Content starts
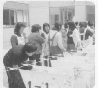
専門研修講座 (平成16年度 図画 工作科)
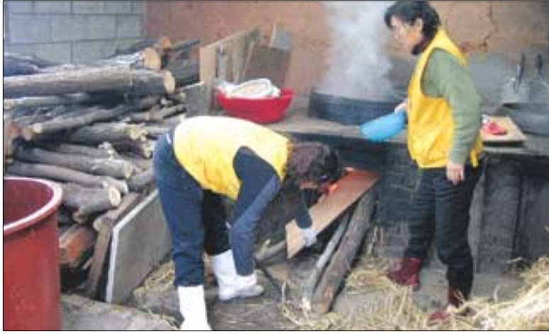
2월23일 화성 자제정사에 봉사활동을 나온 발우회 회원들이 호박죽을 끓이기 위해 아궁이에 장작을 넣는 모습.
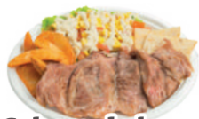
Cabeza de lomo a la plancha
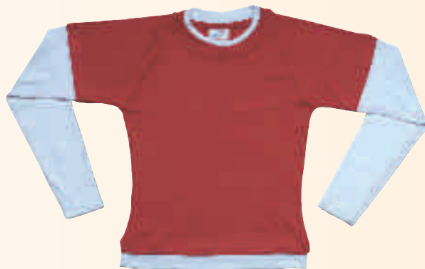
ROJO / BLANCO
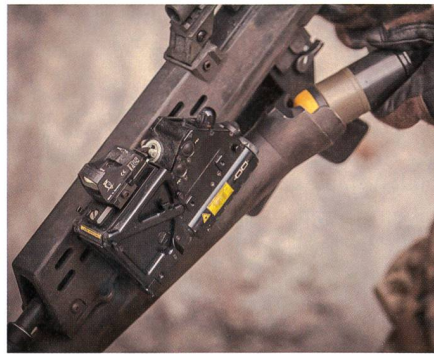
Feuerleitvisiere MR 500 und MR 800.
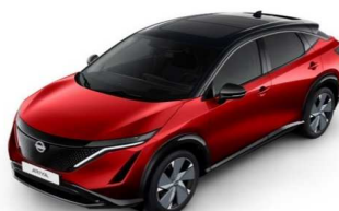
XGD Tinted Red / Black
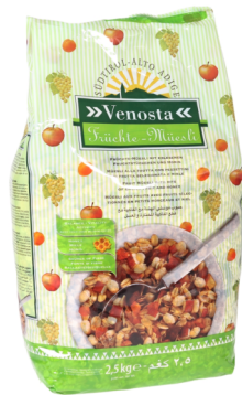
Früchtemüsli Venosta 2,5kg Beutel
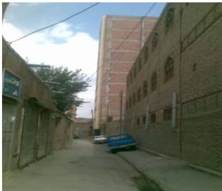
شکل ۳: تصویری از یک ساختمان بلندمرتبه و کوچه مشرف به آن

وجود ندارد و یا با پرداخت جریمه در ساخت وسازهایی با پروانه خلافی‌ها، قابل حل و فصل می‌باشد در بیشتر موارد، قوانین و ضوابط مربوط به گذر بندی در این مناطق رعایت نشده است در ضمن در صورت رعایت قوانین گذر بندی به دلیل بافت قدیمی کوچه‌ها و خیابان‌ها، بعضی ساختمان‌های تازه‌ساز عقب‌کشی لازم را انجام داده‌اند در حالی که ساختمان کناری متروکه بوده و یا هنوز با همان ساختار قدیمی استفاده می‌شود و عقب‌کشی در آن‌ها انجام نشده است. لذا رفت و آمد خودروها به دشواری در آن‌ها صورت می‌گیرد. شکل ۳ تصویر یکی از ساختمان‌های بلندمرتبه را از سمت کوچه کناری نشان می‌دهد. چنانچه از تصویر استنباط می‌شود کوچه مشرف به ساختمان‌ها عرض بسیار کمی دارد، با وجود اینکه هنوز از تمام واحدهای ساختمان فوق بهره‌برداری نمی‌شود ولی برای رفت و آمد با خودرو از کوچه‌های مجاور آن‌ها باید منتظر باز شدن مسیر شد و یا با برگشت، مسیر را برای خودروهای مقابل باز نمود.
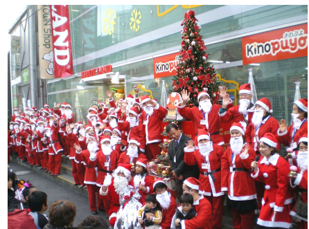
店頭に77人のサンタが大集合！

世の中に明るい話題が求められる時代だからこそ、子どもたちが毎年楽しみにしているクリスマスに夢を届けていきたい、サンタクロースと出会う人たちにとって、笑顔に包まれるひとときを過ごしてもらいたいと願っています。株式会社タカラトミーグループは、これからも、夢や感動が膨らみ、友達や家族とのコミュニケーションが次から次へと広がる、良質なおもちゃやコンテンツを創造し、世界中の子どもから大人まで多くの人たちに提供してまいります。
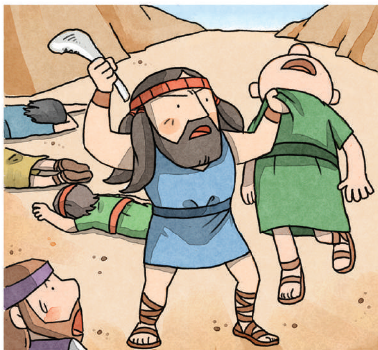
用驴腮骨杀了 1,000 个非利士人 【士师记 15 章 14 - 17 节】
Content ends
YOUR TASK: Leaving all pictures aside, print exactly the lines from the one that contains "世の中に明るい話題が求められ" through the last line of the data above, inclusive.

RESULT:
世の中に明るい話題が求められる時代だからこそ、子どもたちが毎年楽しみにしているクリスマスに夢を届けていきたい、サンタクロースと出会う人たちにとって、笑顔に包まれるひとときを過ごしてもらいたいと願っています。株式会社タカラトミーグループは、これからも、夢や感動が膨らみ、友達や家族とのコミュニケーションが次から次へと広がる、良質なおもちゃやコンテンツを創造し、世界中の子どもから大人まで多くの人たちに提供してまいります。
用驴腮骨杀了 1,000 个非利士人 【士师记 15 章 14 - 17 节】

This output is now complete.